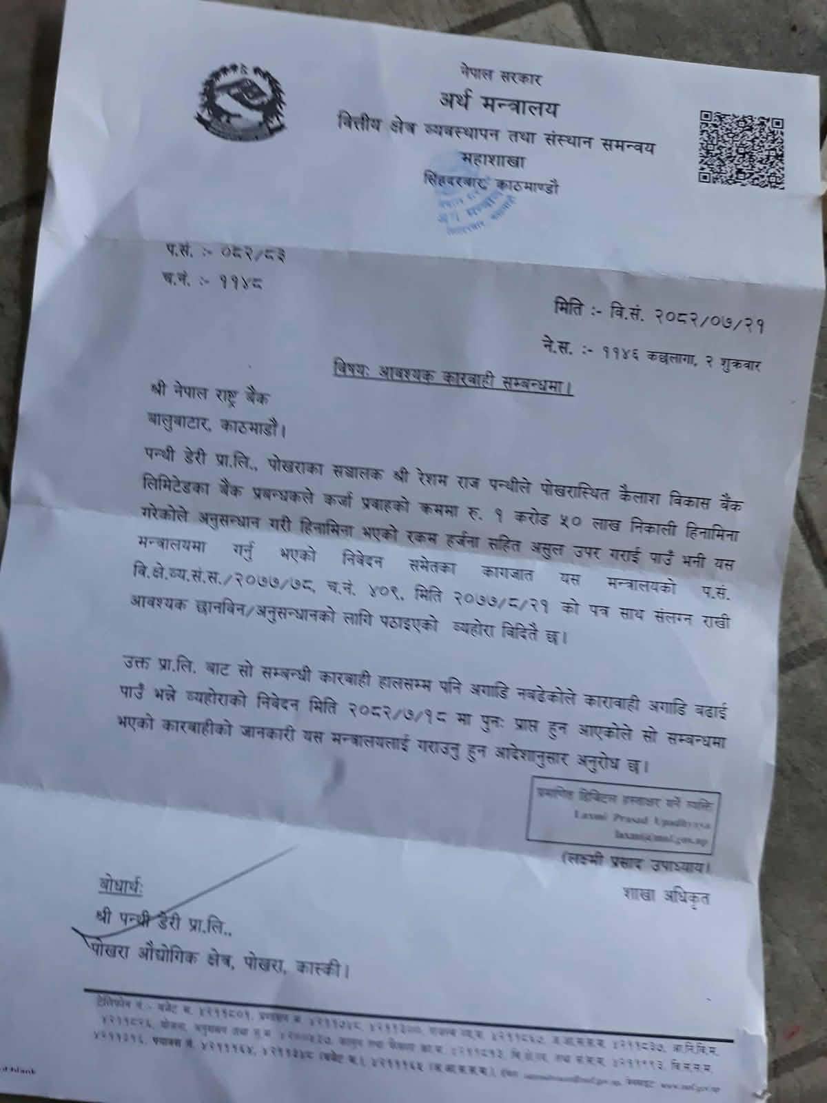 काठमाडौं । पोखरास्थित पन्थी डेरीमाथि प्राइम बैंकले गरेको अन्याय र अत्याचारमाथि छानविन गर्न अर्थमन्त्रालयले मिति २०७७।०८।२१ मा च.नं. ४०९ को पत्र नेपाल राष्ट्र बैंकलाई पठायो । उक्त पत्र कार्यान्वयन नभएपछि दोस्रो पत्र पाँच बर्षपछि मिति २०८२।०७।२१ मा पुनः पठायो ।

+++

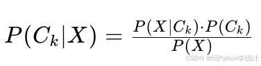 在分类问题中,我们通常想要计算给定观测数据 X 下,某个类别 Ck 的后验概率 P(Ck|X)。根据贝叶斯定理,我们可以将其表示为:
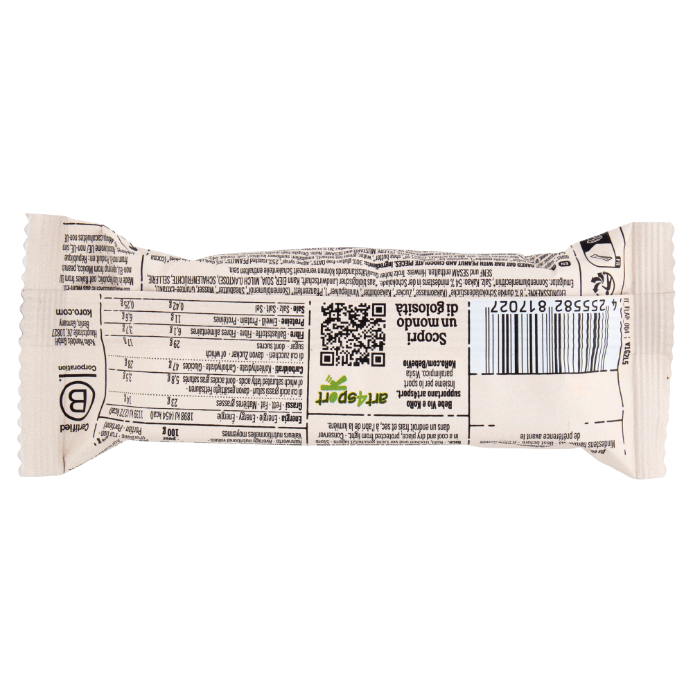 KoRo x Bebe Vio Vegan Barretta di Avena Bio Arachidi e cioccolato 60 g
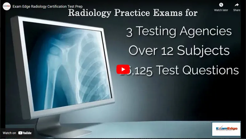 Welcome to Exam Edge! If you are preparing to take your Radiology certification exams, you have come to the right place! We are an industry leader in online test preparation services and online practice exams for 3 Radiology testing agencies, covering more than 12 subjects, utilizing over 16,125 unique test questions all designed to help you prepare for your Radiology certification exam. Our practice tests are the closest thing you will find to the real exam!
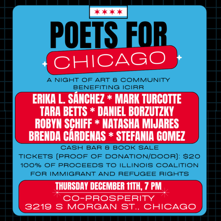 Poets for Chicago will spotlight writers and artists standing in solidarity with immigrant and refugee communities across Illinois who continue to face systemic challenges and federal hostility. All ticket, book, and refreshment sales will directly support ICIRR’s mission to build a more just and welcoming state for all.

+++

[WORK REQUIRED] Above, find the line holding "在分类问题中,我们通常想要计算给定观测数据 X 下,某个类别" and the line holding "Poets for Chicago". Print exactly those two lines and every line between them, but no pictures.

[RESPONSE TO THE EXERCISE]
 在分类问题中,我们通常想要计算给定观测数据 X 下,某个类别 Ck 的后验概率 P(Ck|X)。根据贝叶斯定理,我们可以将其表示为:
 KoRo x Bebe Vio Vegan Barretta di Avena Bio Arachidi e cioccolato 60 g
 Welcome to Exam Edge! If you are preparing to take your Radiology certification exams, you have come to the right place! We are an industry leader in online test preparation services and online practice exams for 3 Radiology testing agencies, covering more than 12 subjects, utilizing over 16,125 unique test questions all designed to help you prepare for your Radiology certification exam. Our practice tests are the closest thing you will find to the real exam!
 Poets for Chicago will spotlight writers and artists standing in solidarity with immigrant and refugee communities across Illinois who continue to face systemic challenges and federal hostility. All ticket, book, and refreshment sales will directly support ICIRR’s mission to build a more just and welcoming state for all.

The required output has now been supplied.